The final clinical assessment during the last follow-up (the mean: 35.8 months, the range: 25–52) revealed neutral position of the foot and normal range of motion in ten cases and recurrence of foot deformity in one case. The X-ray examination showed normalization all of radiological parameters at the last follow-up (Figs. 1 and 2). The mean AP talocalcaneal angle was 26.4°, lateral talocalcaneal angle—32.55°, AP talar-first metatarsal angle—18.64°, lateral talar-basis first metatarsal angle—13.64° and lateral tibiotalar angle—66.27°. We observed improper angular values in recurrence case at the last follow-up (Fig. 3). A retrospective analysis of this case showed incomplete correction from the beginning; the cuboid was dorsally subluxated at the anterior process of calcaneus at the early stage of treatment (Figs. 4, 5). Therefore it could be classified as residual deformity rather than recurrence of the initial deformity. A statistical analysis revealed that the examined X-ray parameters significantly improved during the last follow-up (Table 1).

Fig. 1
figure 1

Case 2 AP and L X-ray after surgery

Fig. 2
figure 2

Case 2 AP and L at last follow-up

Fig. 3
figure 3

Case 1 AP and L X-ray at last follow-up. A recurrence of foot deformity is visible

Fig. 4
figure 4

Case 1 AP and L X-ray after surgery

Fig. 5
figure 5

Case 1 AP and L X-ray 6 months after surgery

Discussion

The exact etiology of congenital vertical talus is still undiscovered. Congenital vertical talus is a rare rigid flatfoot disorder and more than half of cases are associated with teratological disorders, which could result in a poorer final outcome [3, 7]. This foot defect is often unrecognized or misdiagnosed in infants due to a spectrum of rigidity of the foot deformity. The deformity is pretty rare and it is difficult to collect a homogeneous research group consisting of more than 8–10 cases. Hence, there are hardly few reports on vertical talus in professional literature. Radiological examinations play an absolutely essential role in diagnosis of congenital vertical talus. A weight-bearing AP and a lateral view of the foot in the maximum plantar flexion. X-ray films are required to confirm the diagnosis and assess reducibility of the deformity. A lack of ossification of many bones in the foot at birth can make the diagnosis of congenital vertical talus challenging on plain radiographs.

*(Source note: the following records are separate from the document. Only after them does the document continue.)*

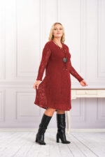Rochie tricotata cu model dantelat, cu interior dublat si superbul accesoriu inclus Material 50% lana 50% acrilic Marimi – bust 110 cm cu lejeritate de pana la 130 cm Lungime 112 (lungime variabila in functie de inaltime, umeri si bust) Comenzi telefonice sau whatsapp : 0767 474 128
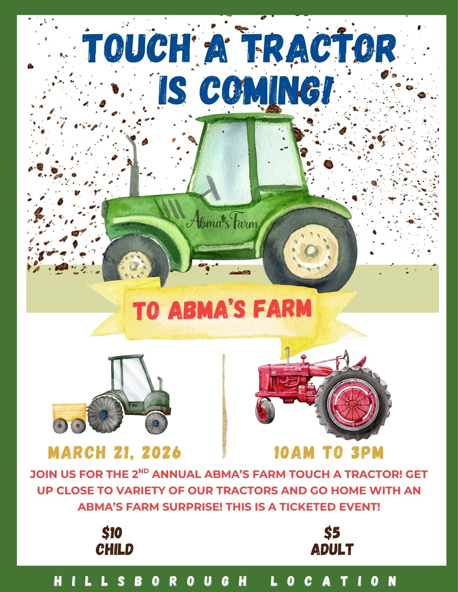 Rev up those engines and cruise on over to the 2nd Annual Abma’s Farm Touch-a-Tractor at Abma's Farm!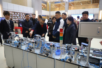(机械学院 丁文文)11月6日,机械与汽车工程学院“智造未来·工创融合”一课一展活动在校图书馆一楼中厅举行。本次活动紧扣国家"新工科"建设战略,聚焦机械工程领域全链条能力培养,通过四大核心模块的沉浸式展示,全面呈现课堂教学与工程实践深度融合的创新成果。襄阳市科协副主席胥国成、襄阳市科技馆馆长王琰璘、襄城区科协主席吴红,副董事长赵乔、校长杨海浪、党委书记叶永涛等领导出席了本次活动开幕式。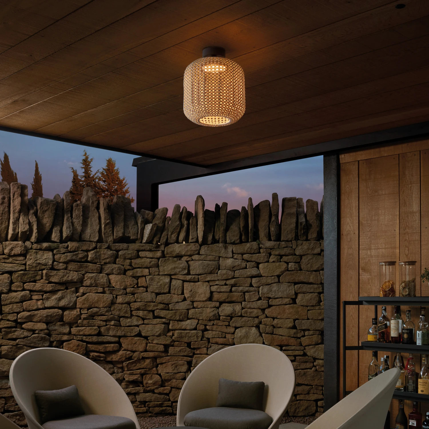 Die Deckenleuchte Nans hat einen Schirm aus einem Flechtgewebe, das aus synthetischen Fasern besteht. Die Schutzart IP54 schützt die Leuchte vor Feuchtigkeit und Staub, so dass sie problemlos im Außenbereich, also in Pavillons, auf der Terrasse oder dem Balkon einsetzbar ist.
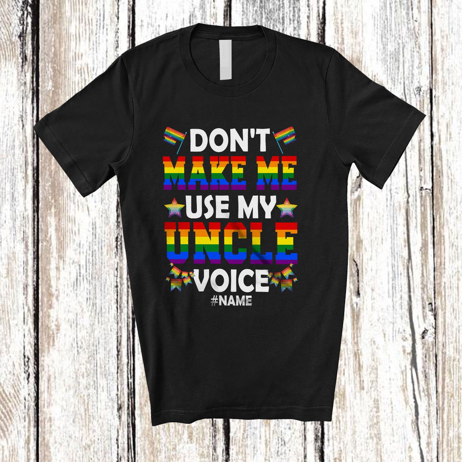 • Personalized Don't Make Me Use My Uncle Voice; Joyful LGBTQ Custom Name Gay; Rainbow Flag T-Shirt. This cotton t-shirt is a durable staple product with a classic fit. One of the most popular items, it has a relaxed style made for everyday and casual wear.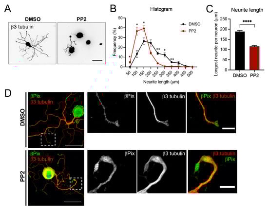 The successful phosphorylation of cJun and STAT3 in βPix NIKO (Figure 4) suggests that βPix may promote axonal extension via its previously identified function as a GEF that regulates cytoskeletal dynamics through small GTPases. The INS region, unique to neuronal isoforms, contains an Src phosphorylation site (Tyr598 in βPix-b), and we have reported that this phosphorylation promotes Rac1 GEF activity and normal dendritic spine development []. To test whether the same pathway is involved in axonal regeneration, we confirmed that phosphorylated Src (Tyr418) was expressed in sciatic nerves, though the levels were not markedly increased by injury (Figure S2). Next, we examined whether axonal regrowth in adult DRG neuronal cultures was impaired by Src inhibition. We treated cultures with a Src kinase inhibitor, PP2 (10 μM), 5 h after plating to rule out its effects on initial cell adhesion and sprouting, and instead focused on possible changes in axon extension []. For the same reason, we also grew cultures for 20 h, which was longer than the previous βPix NIKO analysis (Figure 3B). We measured only neurons with neurites to exclude cells that failed to initiate neurites. We stained the cultures for β3 tubulin and measured the longest neurite length per neuron (Figure 5A). Overall, axonal outgrowth was decreased by PP2 treatment, as shown by the higher frequencies of neurons in the short neurite length range in PP2-treated neurons compared to vehicle-treated control neurons (DMSO) (Figure 5B). The mean neurite length in PP2-treated neurons was also significantly decreased compared to the control (38.4% decrease) (Figure 5C). Additionally, we found aberrant growth cones in the PP2-treated neurons, where growth cone morphology and βPix localization were impaired (Figure 5D). In DMSO-treated control cultures, βPix was found in the lamellipodia of fan-shaped growth cones. In the PP2-treated neurons, the growth cones often appear disorganized, and in these cases, βPix localization was mostly restricted to the tubulin-positive area of the growth cones rather than observed in lamellipodia. These results support the requirement of Src activity for the adequate localization of βPix in regenerating growth cones.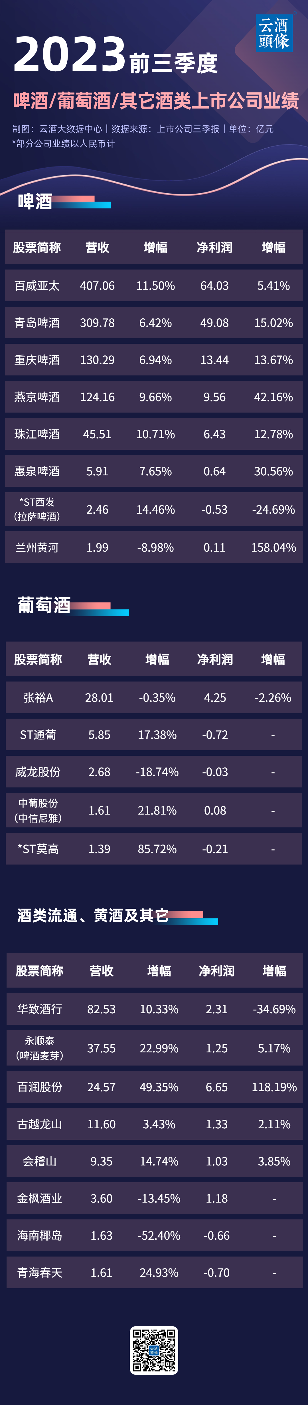 近日,61家酒类上市公司陆续发布2023年第三季度报告,完整数据如下图。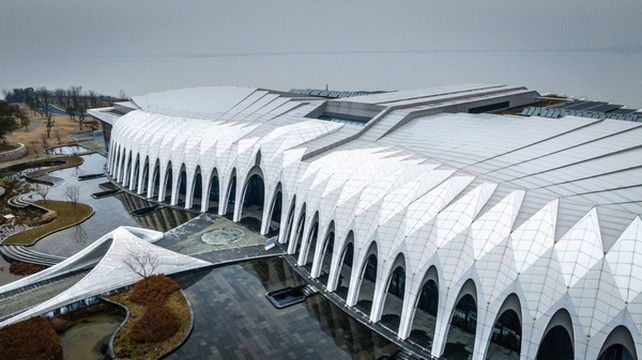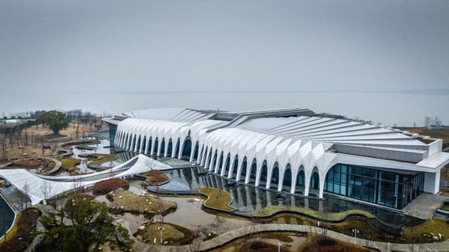 除了几处观鸟点,候鸟小镇的会议展示中心也值得一看,中心位于湖畔湿地之滨,就宛若天边飞来的一只白鹤,栖息在湖天一色山水之间,身姿颀长舒展,鹤羽洁白无瑕,整体好看,细节也非常抓眼球,白色羽毛垂下形成柱廊,也使得建筑立面的轮廓更为丰富。楼顶三维的造型,仿佛密密的羽片,构成了建筑的主体屋顶,白鹤的翅膀形态就“跃然纸上”了。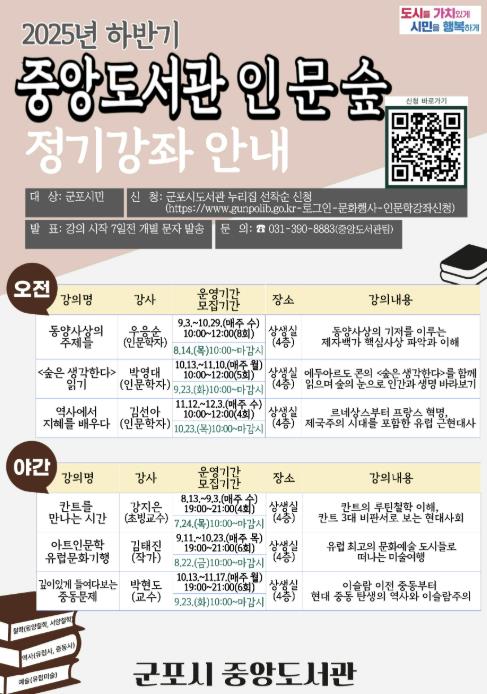 [뉴스노크=김인호 기자] 군포시 중앙도서관은 시민들의 인문학적 소양을 함양하고자 2025년 하반기 인문학 프로그램인 ‘중앙도서관 인문숲’ 강좌를 운영한다.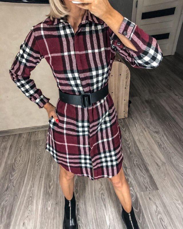 Платье-рубашка (пояс отдельно) Мод: 116ЕЕ Размеры: 42-44, 46-48 Цвета: темно-синий, бордо Ткань: фланель(хлопок+шерсть) Ремень на фото + 40 грн Теплое платье из модной в этом сезоне клетки. Кнопки скрыты планочкой. Фото реал!

When analyzing changes in the mutual bone arrangement in the radiological examination of the foot with suspicion of congenital vertical talus from among many evaluated radiological parameters, attention should be paid to the vertical position of the talus, the cuboid on the anterior part of the calcaneus, talocalcaneal angle and angular relationship between the talus axis and the first metatarsal bone axis (TAMBA) [6, 8, 9] (Figs. 6 and 7).

Fig. 6
figure 6

Case 1 AP and L X-ray before surgery (after 5 casts)

Fig. 7
figure 7

Case 2 AP and L X-ray before surgery

The goal of treatment of congenital vertical talus is to restore the normal anatomic relationship among talus, calcaneal and navicular bones and normal cosmetic appearance and functionality of the foot. In the past, many approaches for treatment of congenital vertical talus were both conservative and surgical [5, 10,11,12,13,14,15,16]. Serial casting and manipulation treatment aiming to correct congenital vertical talus has not appeared to be highly successful. Storen and Eraltug reported, respectively, 40–63.6% recurrence of deformity of the foot after serial casting [15, 16]. Since implementation of conservative treatment alone does not seem effective, surgical treatment has become the method of choice. There is a lot of controversy regarding the number and localizations of ideal approaches which could be used to surgically correct the deformity. Besides, it is still unclear whether congenital vertical talus should be corrected during one or two stages [4, 11, 17, 18]. Walker et al. proposed a 2-stage surgery, where the first stage involves lengthening contracted dorsolateral tendons, performing dorsolateral capsulotomy and reducing the talonavicular and subtalar joint complex. The second stage consists in lengthening the Achilles and peroneal tendons and performing posterolateral capsulotomy [17]. Coleman in the second stage corrected the hindfoot and the tibialis posterior tendon was advanced to the plantar aspect of the navicular [4]. The one-stage surgical approach was simply a combination of two stages [5, 11, 14, 18,19,20]. The surgery involved large soft tissue releases and K-wire fixation. Patients often need several intensive surgeries, such as subtalar or triple arthrodesis, in their future life. A surgery could result in some complication like wound necrosis, talar necrosis, joint stiffness and recurrence. Dobbs introduced a new approach for treatment of idiopathic congenital vertical talus in 2006. The idea includes serial manipulation and casting with the so-called reversed Ponseti technique, followed by percutaneous pinning of the talonavicular joint by using K-wire and performing percutaneous tenotomy of the Achilles tendon for the posterior contracture. For incomplete reduction in the talonavicular joint after casting he recommended an open reduction and K-wire fixation via mini incision [1].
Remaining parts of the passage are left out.